▸ **WHAT YOU WILL DO**
Leave the pictures out. Retype exactly the lines below from the one containing "Comparison of site" through the one containing "A mild, pearlescent", and no others.

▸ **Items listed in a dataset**
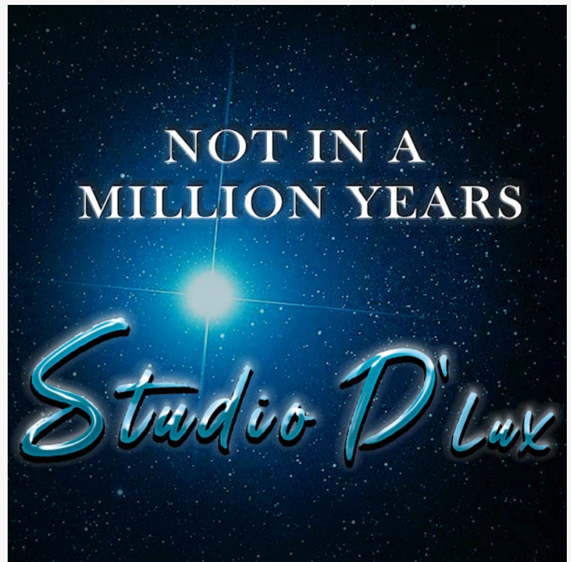
Studio D'lux - "Not in A Million Years"
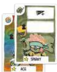
Example Setup for Two Players
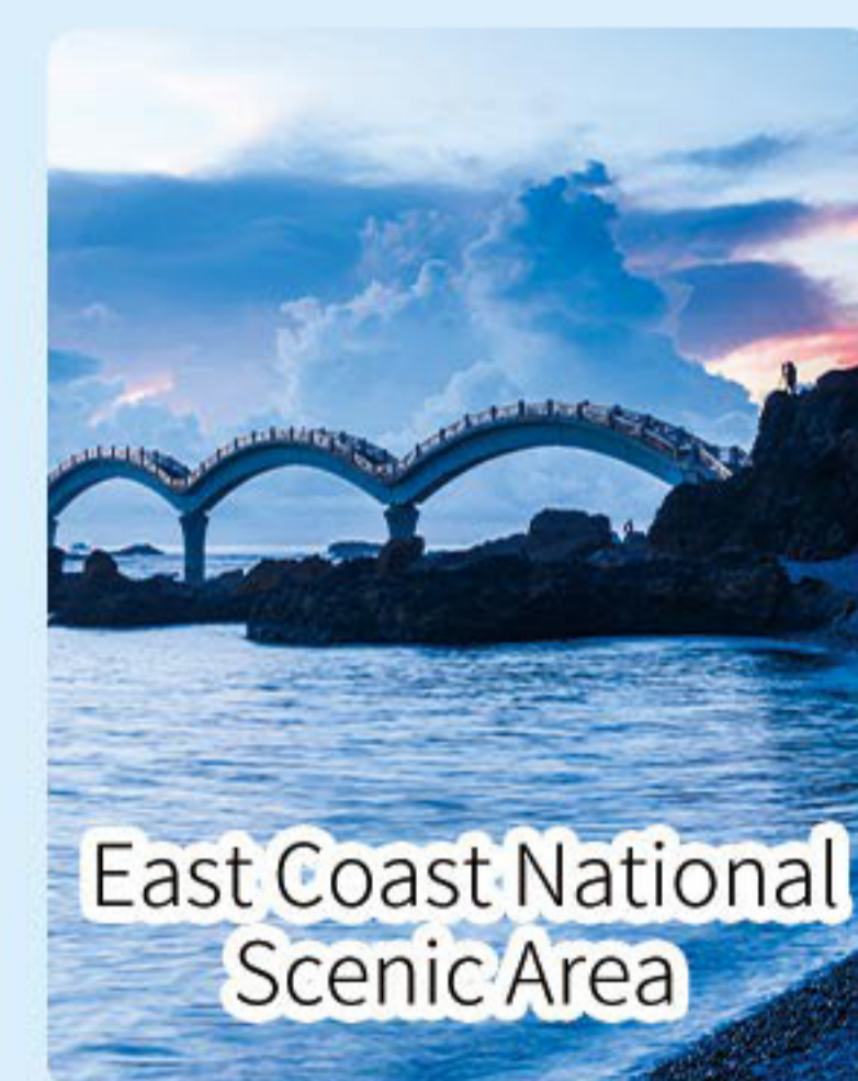
East Coast National Scenic Area

Arrange for English/Chinese (Mandarin) tour guide
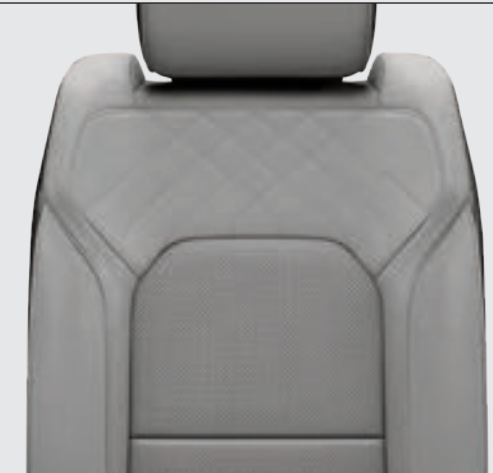
Premium Leather Quilted Bucket—Sea Salt/Indigo Included with Elite Package
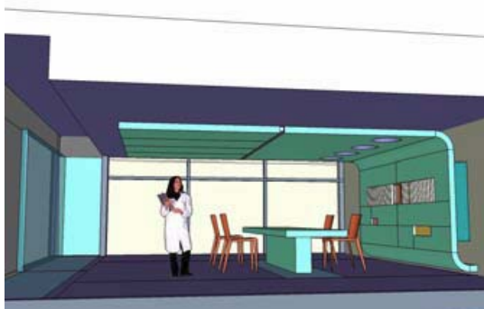
AWE concept – SLEEPING

This dramatic shift in the nature, place and organization of working life results in the designing, prototyping, demonstrating and evaluating of a prototypical "robot-room" with embedded Information Technologies that is called as an "Animated Work Environment" [AWE] (figures 1 and 2).
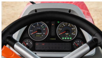
3. Digital instrument panel
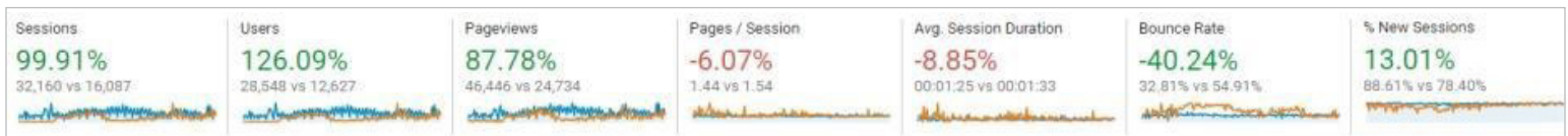
Comparison of site statistics after one year of Strategic Consulting

At the one-year mark with Strategic Consulting, Mike saw a 99.9 percent increase in total site traffic and a 40 percent decrease in bounce rate:
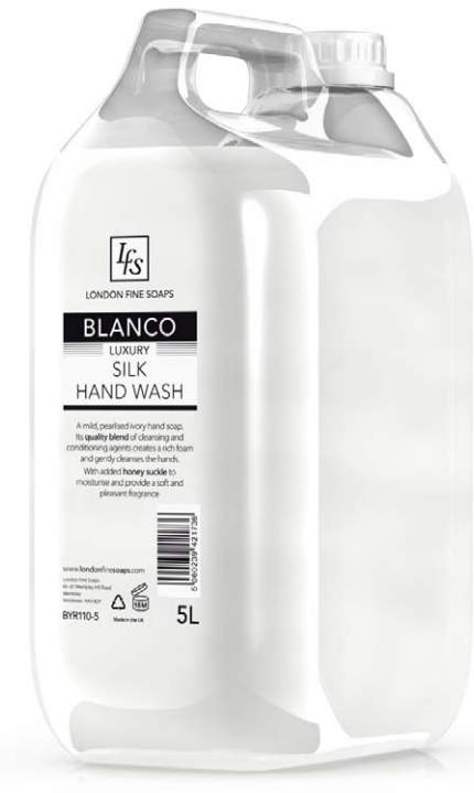
BLANCO LUXURY SILK HAND WASH

A mild, pearlescent ivory hand soap. Its blend of quality ingredients creates a rich, luxurious foam for effective yet gentle cleaning. Contains moisturising aloe vera to soothe the skin. The ideal match for either of our luxury moisturisers.
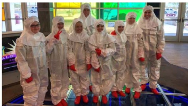
Girl Scout Event at Palo Verde Energy Education Center
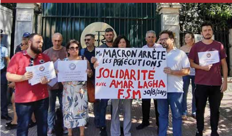
Intervention of PAME at the Embassy of France for the prosecution of the General Secretary of the Federation of Trade of France.
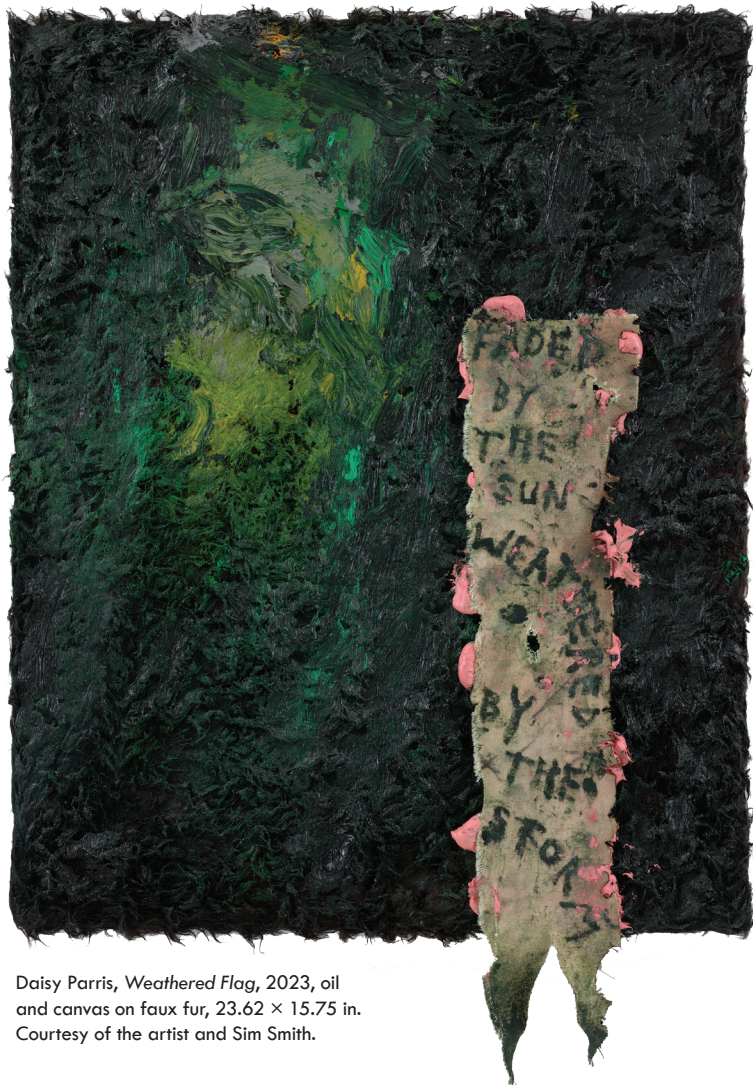
Daisy Parris, Weathered Flag , 2023, oil and canvas on faux fur, 23.62 x 15.75 in.

Equally interested in pathos, human endurance, and resilience, here Parris explores the human capacity to succeed in the face of adversity. A frenetic green impasto supports a long flag-like canvas form displaying text that suggests our human capacity to survive and get through anything life throws at us. The artist brings both aspects together by concluding that “people are storms and people also weather storms.”

▸ **SOLUTION TO THE PROBLEM**
Comparison of site statistics after one year of Strategic Consulting

At the one-year mark with Strategic Consulting, Mike saw a 99.9 percent increase in total site traffic and a 40 percent decrease in bounce rate:
BLANCO LUXURY SILK HAND WASH

A mild, pearlescent ivory hand soap. Its blend of quality ingredients creates a rich, luxurious foam for effective yet gentle cleaning. Contains moisturising aloe vera to soothe the skin. The ideal match for either of our luxury moisturisers.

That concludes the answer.